Vous avez déjà travaillée comme consultante pour beIN sport. La suite logique pour vous c’est journaliste sportive ?
Ouai, pourquoi pas ? C’est vrai que c’est un métier qui m’intéresse. C’est une reconversion qui me tente bien. Après j’aimerais bien travailler au sein de mon club pour développer le foot féminin en France. J’ai toujours été combattante et un peu hargneuse, j’ai envie de le faire pour continuer à suivre l’évolution du foot féminin qui, petit à petit, prend son envol.

Qu’est-ce qui manque au football féminin pour devenir aussi populaire que le foot masculin ?
Beaucoup de temps. Médiatiquement, avec le temps, on attirera plus de monde. Il manque la progression aussi.
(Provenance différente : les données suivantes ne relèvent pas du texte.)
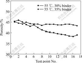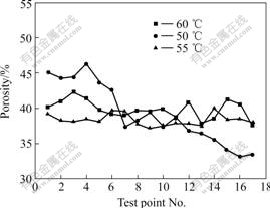 图4所示为添加电解Cu粉,粘结剂添加量为35%(体积分数)的混合粉末,在55、60和65℃时所成形的骨架960 ℃烧结后孔隙度的变化。从图4可知,55和60 ℃成形的骨架孔隙度曲线变化都较平滑,孔隙分布均匀。而50 ℃曲线变化较大,测试点1的孔隙度偏大是由于压制温度较低,导致混合粉末流动性能不佳,混合粉末无法完整填充模腔,致使压坯在杯口(测试点1)附近残留有宏观孔隙。而在杯底位置(测试点17),粉末无法流动,在压力作用下被压实,导致测试点17的孔隙度较小。
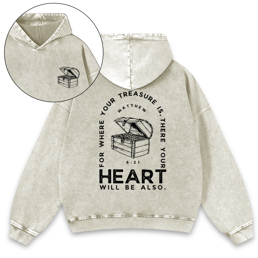 For Where Your Treasure ls Chrsitian Washed Vintage Hoodie
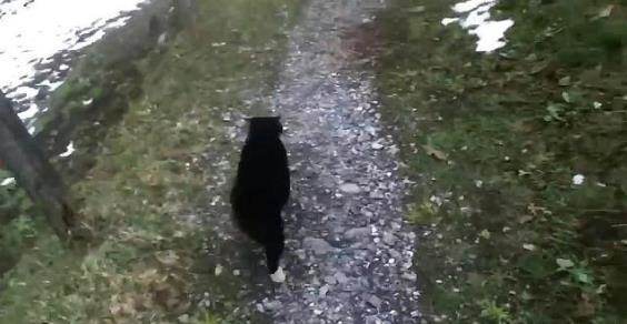 Tiba-tiba muncul seekor kucing datang kepadanya dan memandang tepat ke arahnya. Si comel itu kemudian berbunyi dan mula berjalan pergi. Namun, dia kembali berpaling ke belakang ke arah pelancong tersebut seolah-olah mahu memberitahu sesuatu.
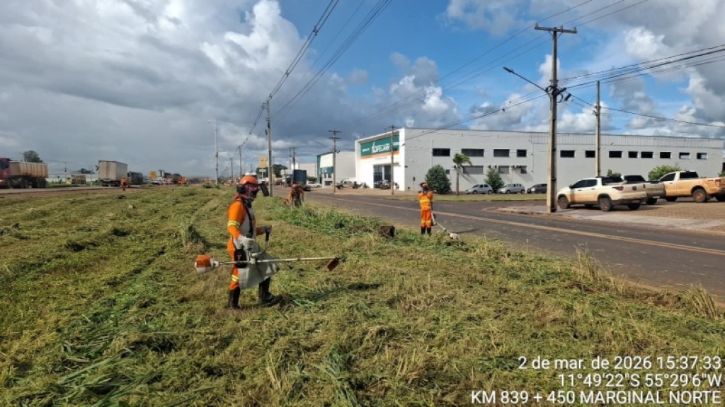 Prefeitura de Sinop cobra e concessionária realiza limpeza das margens da BR-163
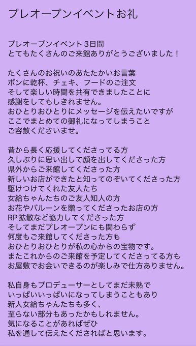藤宮さをり💜喫茶のるんさんがリポスト藤宮さをり💜喫茶のるん@norn_sawori·3日間の御礼です! 文書だと固く長くなっちゃいがちなんだけど、それもさをりらしいな〜と思って読んでいただけたら。 私ののるんへのお気持ち表明でもあるので、RPもしてくれたら嬉しい 次の開館は11/7(金)17時〜、そして土日11時〜24時となっております。 客人様方のご来館心よりお待ちしておりますのるん🫖岡山コンカフェ36293,049
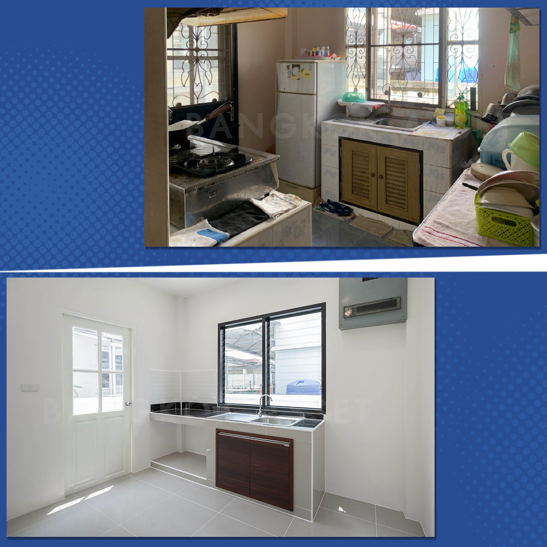 ห้องครัว เราเปลี่ยนพื้นกระเบื้อง ผนัง และก่อเคาน์เตอร์ครัวปูนพร้อมซิงค์ล้างจานให้ใหม่ด้วย พร้อมใช้งานได้ยาว ๆ รวมไปถึงประตู หน้าต่าง เราก็เปลี่ยนใหม่ให้หมดเลยครับ
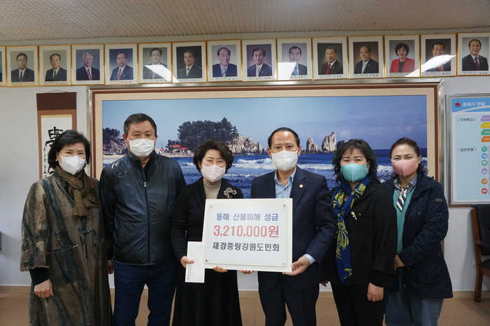 [동해시=세계타임즈 김민석 기자] 14일 재경중랑 강원도민회에서 동해시의회를 방문해 산불 피해 극복을 위해 사용해 달라며 321만원의 성금을 기탁하였다.
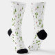 Winter ski scene with pine trees and snowflakes over a white background. Skiing socks. Downhill skiing pattern. Red, white and green ski pattern. Christmas socks. Ski lovers socks. Ski lovers gift. Person on skis. Modern ski pattern. Ski illustration. Holiday socks. Skiing gift. Winter ski socks. Cute skiing socks.
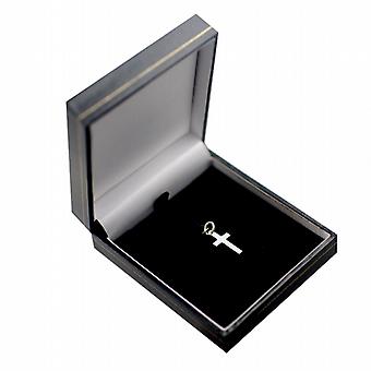 Please be aware before ordering: This item is dispatched from the United Kingdom. If you are ordering for delivery outside of the UK, please note that your order may be subject to import duties and taxes, which are levied once the goods reach the country of destination. Any such charges levied in relation to customs clearance must be paid by you (the receiver/importer). It is accepted by you that British Jewellery Workshops has no control over additional charges in relation to customs clearance. British Jewellery Workshops recommend that you check with your local customs officials or post office for more information regarding importation taxes/duties that may be applicable to your online order. You will be the importer of record and responsible for any import VAT and duty that needs to be paid. In addition, any charges for import clearance will be paid by you, the customer. Sterling Silver 17x10mm diamond cut four pointed star set with a diamond solid block cross. Handmade from 2.5 mm by 1.5 mm rectangular wire, the back and sides are plain highly polished. Made and hand polished in our Birmingham factory and comes to you carefully prepared in a black leatherette gift box.
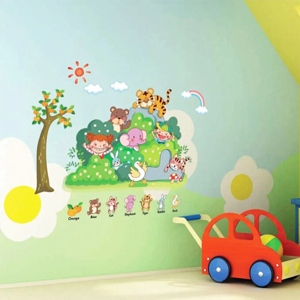 Jungle Wild Cartoon Zoo Animal Wall Sticker For Kindergarten and children Room Removable quotes 3D Wall Stickers for kids rooms
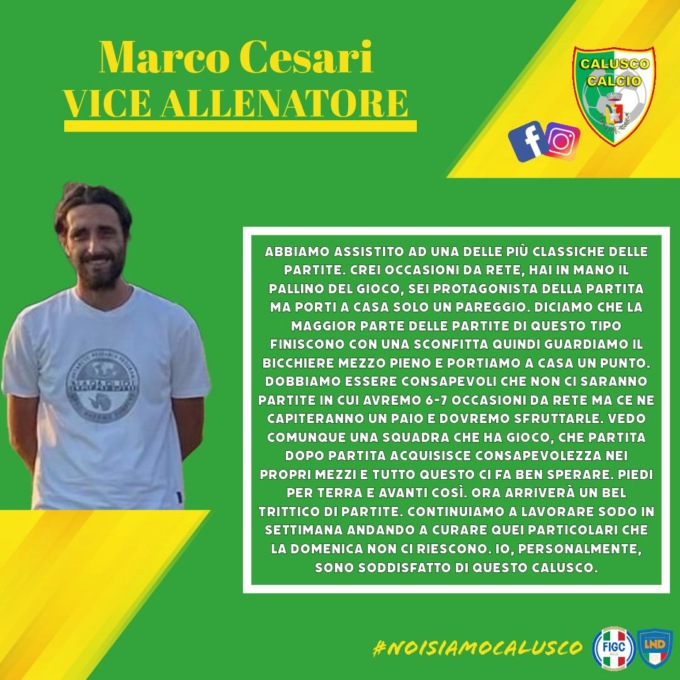 Al “Renzo Marzani” Calusco e Cividatese si dividono la posta in palio: finisce 2-2 con i ragazzi di mister Albergoni beffati in rimonta sul doppio vantaggio. In virtù di questo risultato, il Calusco prosegue la sua striscia di risultati positivi confermandosi al terzo posto del girone C di Promozione.
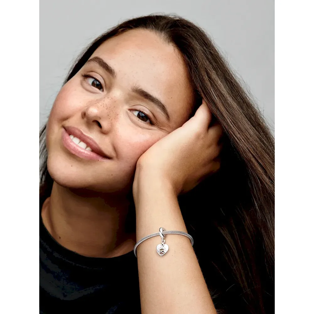 Discover a special charm for your BFF with the Friends Forever Heart Dangle Charm. Hand-finished in sterling silver, this heart-shaped dangle includes an asymmetric infinity sign cut-out with “Friends” in raised lettering on the front and the engraving “Forever” on the back. Another infinity sign connects the dangle with the bail, which features a sparkling clear stone. Let your bestie know that your friendship will last a lifetime with this piece.
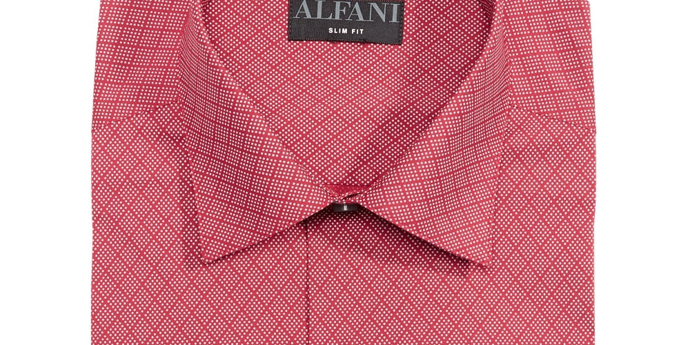 Camisa social masculina Alfani com gola estampada, vermelha, tamanho 15,5 x 32-33
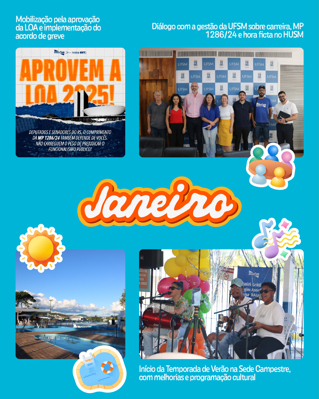 O mês de janeiro foi marcado por mobilização política, diálogo com a gestão e ações de integração da categoria. A Assufsm atuou na campanha pela aprovação da LOA, fundamental para a efetivação do acordo de greve firmado em 2024.
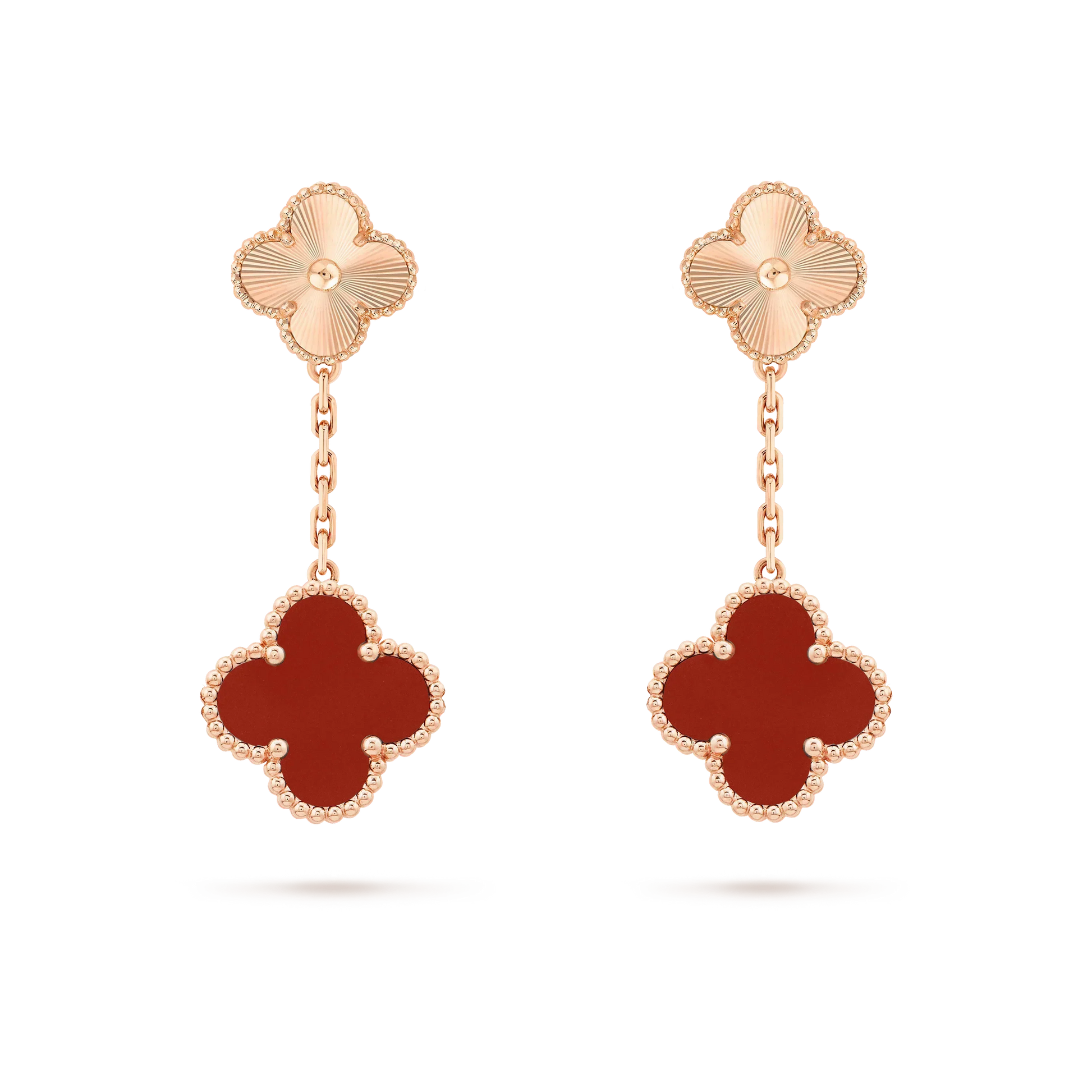 [GALE]CLOVER 2 MOTIF LASER CARNELIAN EARRINGS

Le foot féminin, aujourd’hui, n’est plus le même qu’il y a dix ans, on a beaucoup évolué, il y a beaucoup plus de qualités. Le jeu va plus vite. Est beaucoup plus technique. Cela permettra d’avoir plus de médias, plus de public, plus d’argent, plus de circuits économiques qui nous permettront de franchir des paliers et professionnaliser notre discipline.